The LM3S9B95-IQC80-C1T microcontroller has a total of 100 pins. The pin configuration is as follows:

• Pins 1-10: Analog Input/Output (ADC, DAC)
• Pins 11-30: General-Purpose I/O (GPIO)
• Pins 31-40: Serial Communication Interfaces (UART, SPI, I2C)
• Pins 41-50: PWM Outputs
• Pins 51-60: USB Interface
• Pins 61-70: Ethernet Interface
• Pins 71-80: Power Supply and Ground

Functional Features

• High-performance processing capabilities with the ARM Cortex-M3 core.
• Integrated Ethernet MAC and PHY for network connectivity.
• USB interface allows for easy connection to other devices.
• Multiple serial communication interfaces enable communication with external components.
• Analog-to-Digital Converter provides accurate measurement of analog signals.
• Real-Time Clock ensures precise timekeeping functionality.
• PWM outputs allow for control of various actuators and motors.
• Low power consumption for energy-efficient designs.
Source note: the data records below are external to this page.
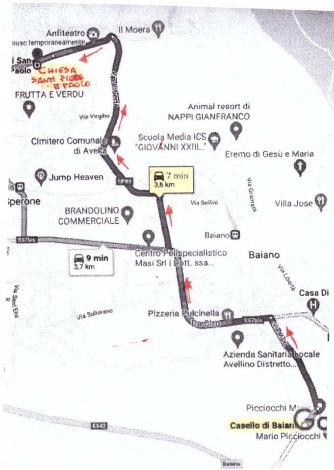
ITINERARIO CASELLO BAIANO CHIESA SAN PIETRO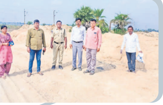
ఇసుక దంపనల సాగింపును చేపట్టడం అధికారులు (ఫైల్)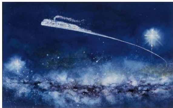
東逸子「銀河鉄道の夜」1993年 くもん出版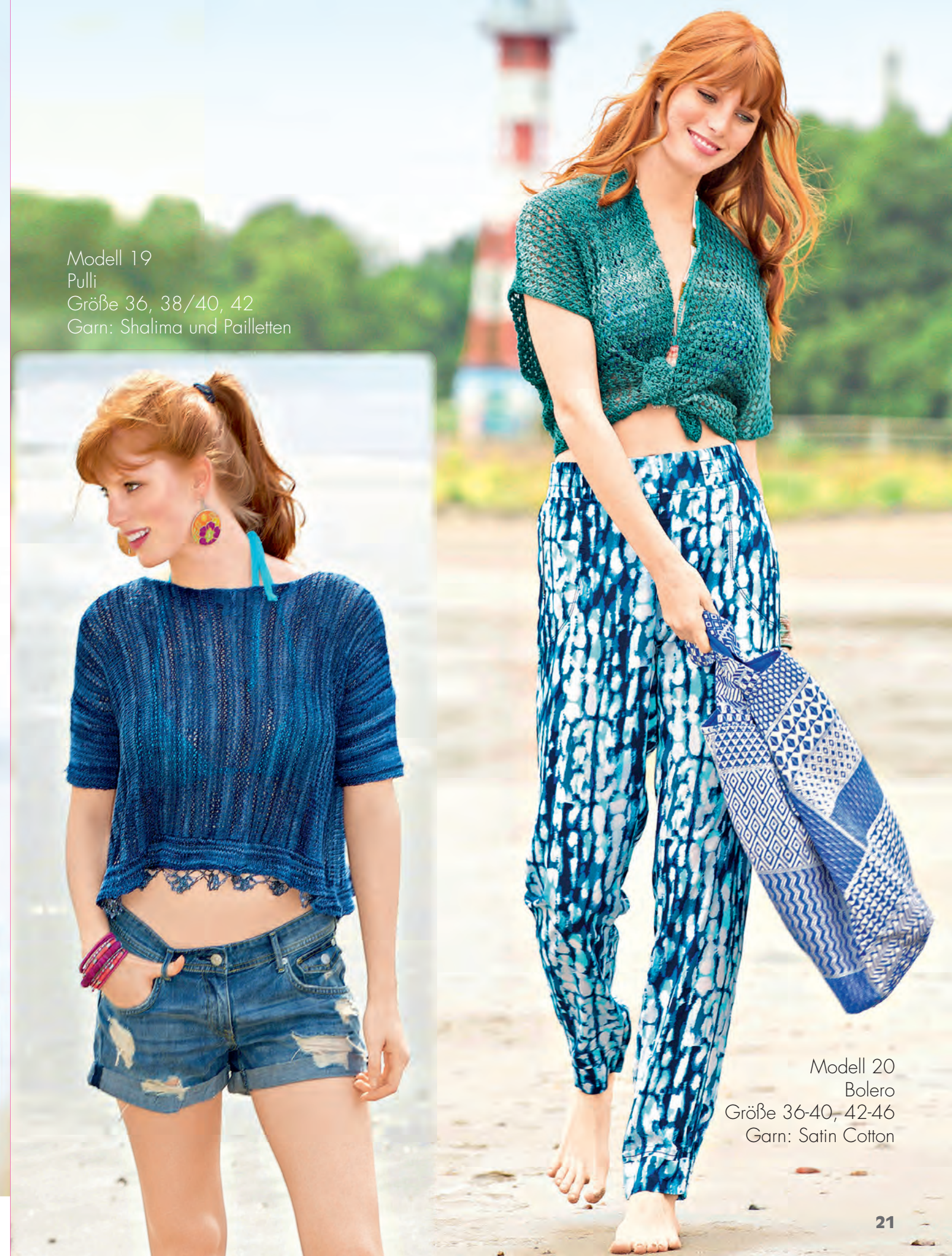
Modell 19 Pulli Größe 36, 38/40, 42 Garn: Shalima und Pailletten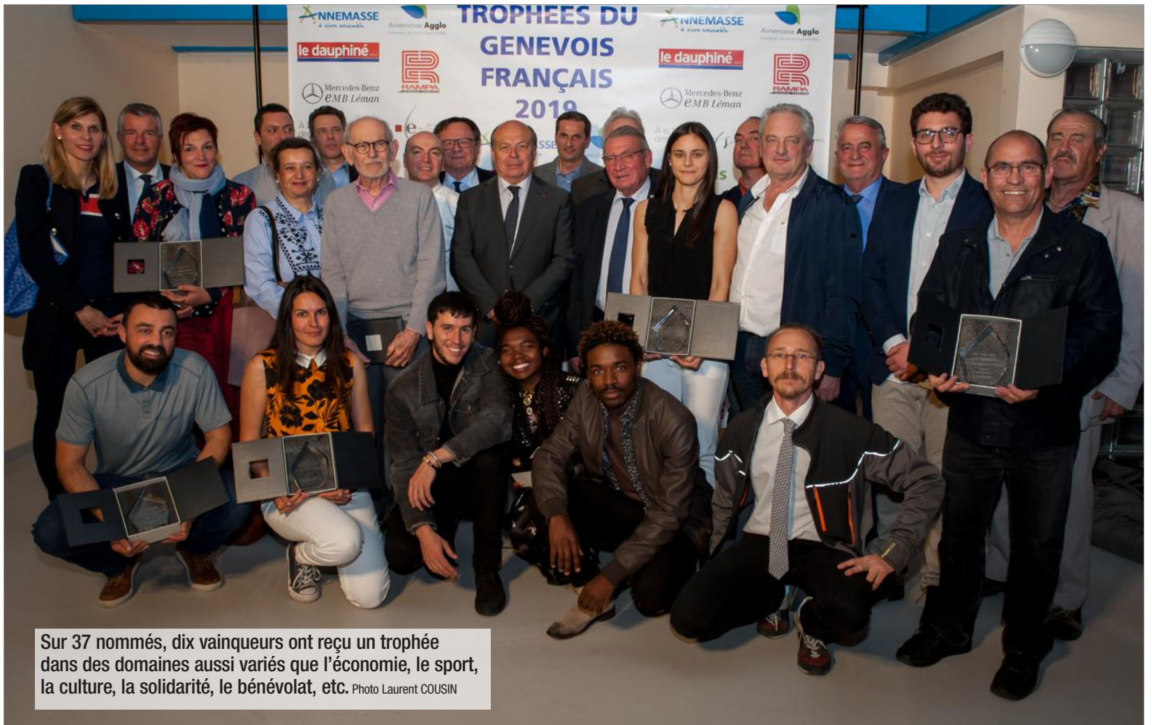
Sur 37 nommés, dix vainqueurs ont reçu un trophée dans des domaines aussi variés que l'économie, le sport, la culture, la solidarité, le bénévolat, etc.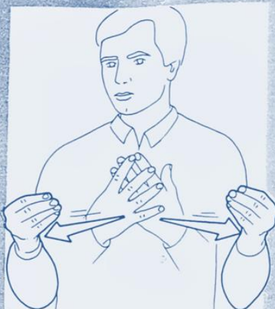
1 236. DISPARAÎTRE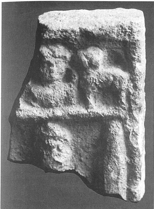
2. Ulomak ploče od vapnenca s ostacima reljefa u dva polja

obrađenoj pozadini, bila potpuno naga, te je teško vjerojatno da se radi o ostacima spuznute odjeće. Sačuvana visina 22, širina 6, debljina 3 cm. Nalazište Osijek-Kalvarija, 1898. godine. 2 Neobjavljena.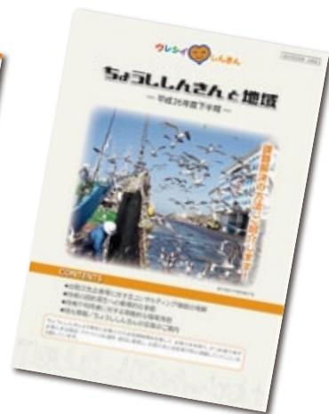
広報誌「ちょうしんきんと地域」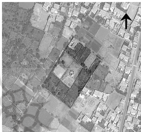
ت ۲. عکس هوایی باغ افضلیان در روستای مند گناباد.

مرکز آن) عمارتی کوشک مانند قرار گرفته است. این کوشک که با توجه به طرح و جزئیات آن احتمالاً متعلق به دوره ایلخانی یا تیموری است (گزارش ثبتی اثر)، بنایی است به شکل هشت ضلعی به سطح اشغال حدود ۱۵۰ مترمربع که به صورت دو طبقه با مصالح گل و خشت خام و گچ ساخته شده و دارای چهار ورودی می باشد.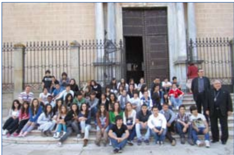
Alumnos con el Arzobispo y el Vicario General antes de partir.

En Santiago de Compostela, visitaron la Basílica y asistieron a la Misa del Peregrino.

Advantages and Disadvantages

Advantages: - Powerful processing capabilities for demanding applications. - Integrated Ethernet and USB interfaces simplify connectivity. - Ample memory and GPIO pins for versatile project requirements. - Wide operating temperature range allows for use in various environments. - Low power consumption extends battery life in portable devices.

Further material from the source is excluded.